Because there was so little information provided with which they could obtain an opinion, subjects in the basic condition provided a slightly favorable rating of the physician. The only other condition which had ratings similar to the basic condition on both questions, therefore rendering the same statistically significant pairs as the basic condition, was relative standing low. Payment low resulted in ratings that were in between the basic and relative standing high conditions, and thus it is not statistically different from any other condition. Although payments low and relative standing low show a physician with the same payment information, the lack of context in the payment low condition causes subjects to rate the physician less favorably than in relative standing low. Thus, the context information for physicians with low payments provided in the relative standing low condition is necessary for subjects to understand the importance of these payments. Furthermore, as predicted, those subjects in the conditions which saw high payments deduced that they were less likely to see the physician and thought she was biased. However, payment high and relative standing high have very similar perceptions, showing that context information may not be as important if a physician has higher payments. Lastly, payment high and basic showed differences between responses for the unbiasedness question and the likelihood question. Thus, for those in the payment high condition, the amount of biasedness may not have a large impact on the decision of whether to make an appointment with a physician, compared to the other conditions.

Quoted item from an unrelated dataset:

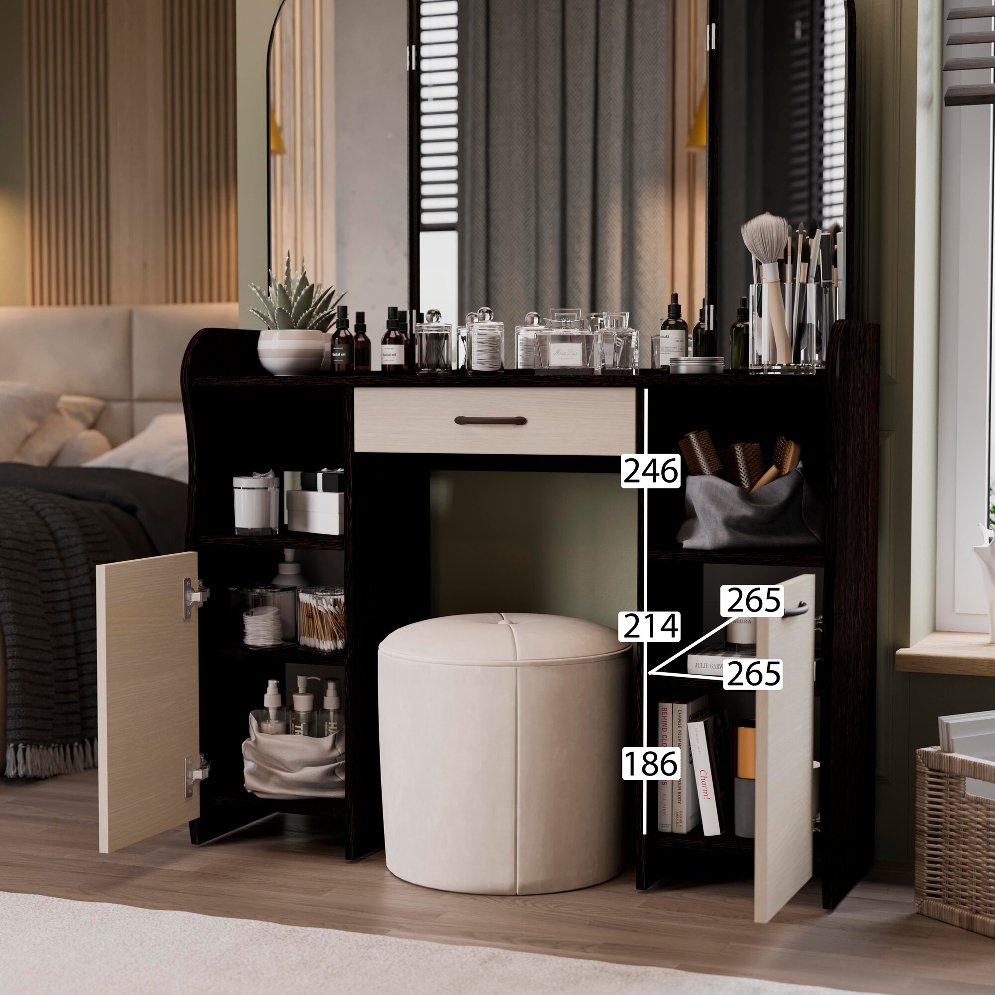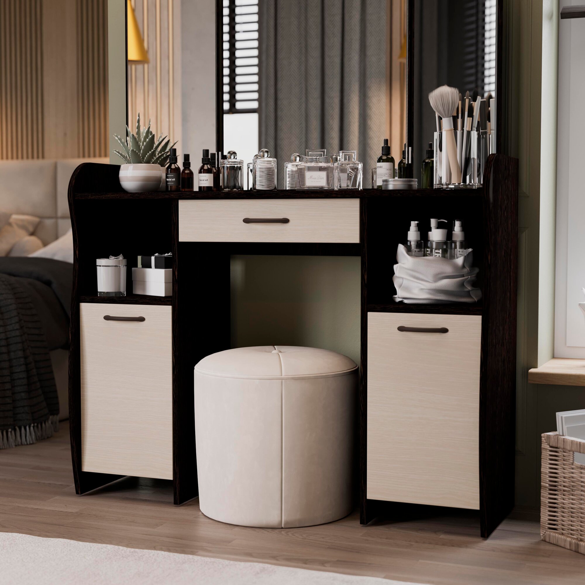 Туалетный столик, трюмо, гримерный столик с ящиком и полками бежевый дуб (ВхДхГ) 162х107х33, София Т2
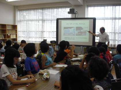 総合的な授業で国際理解教育として海外で活動経験豊かな講師を招き、パワーポイントによるスライドを見ながら、体験談を聞くことができました。

This study has revealed important findings regarding the impact of physician payments on patient decision making. First, relative standing information, which gives the payments context for social comparison, is important when viewing physicians with low payments, but not those with higher payments. Second, subjects who see both low payments and low percentile ranking view the physician in the same light as if the subjects only saw the doctor's name and specialty. These findings could be applied to the current Open Payments database. For instance, if the Open Payments database were to include relative standing information, patients would have more information, and doctors would not be negatively affected. Those physicians with low payments would be received more positively by patients with such information present and those with high payments would see no change in patient perceptions. Future research on this topic will address whether effort of obtaining information will change perceptions of physicians and what the expected level of physician payments is for the general public.

References

  1. Physician Payment Sunshine Act Final Rule: Reporting Requirements - Policy and Medicine (2013, February 7). Retrieved March 27, 2017, from http://www.policymed.com/2013/02/physician-payment-sunshine-act-final-rule-reporting-requirements.html
  2. Richardson, E. (2014, October 2). The Physician Payments Sunshine Act. New regulations require medical product manufacturers to publicly report payments made to physicians and teaching hospitals. Health Affairs, 1-6. Retrieved September 22, 2016.
  3. The Facts About Open Payments Data. (n.d.). Retrieved September 23, 2016.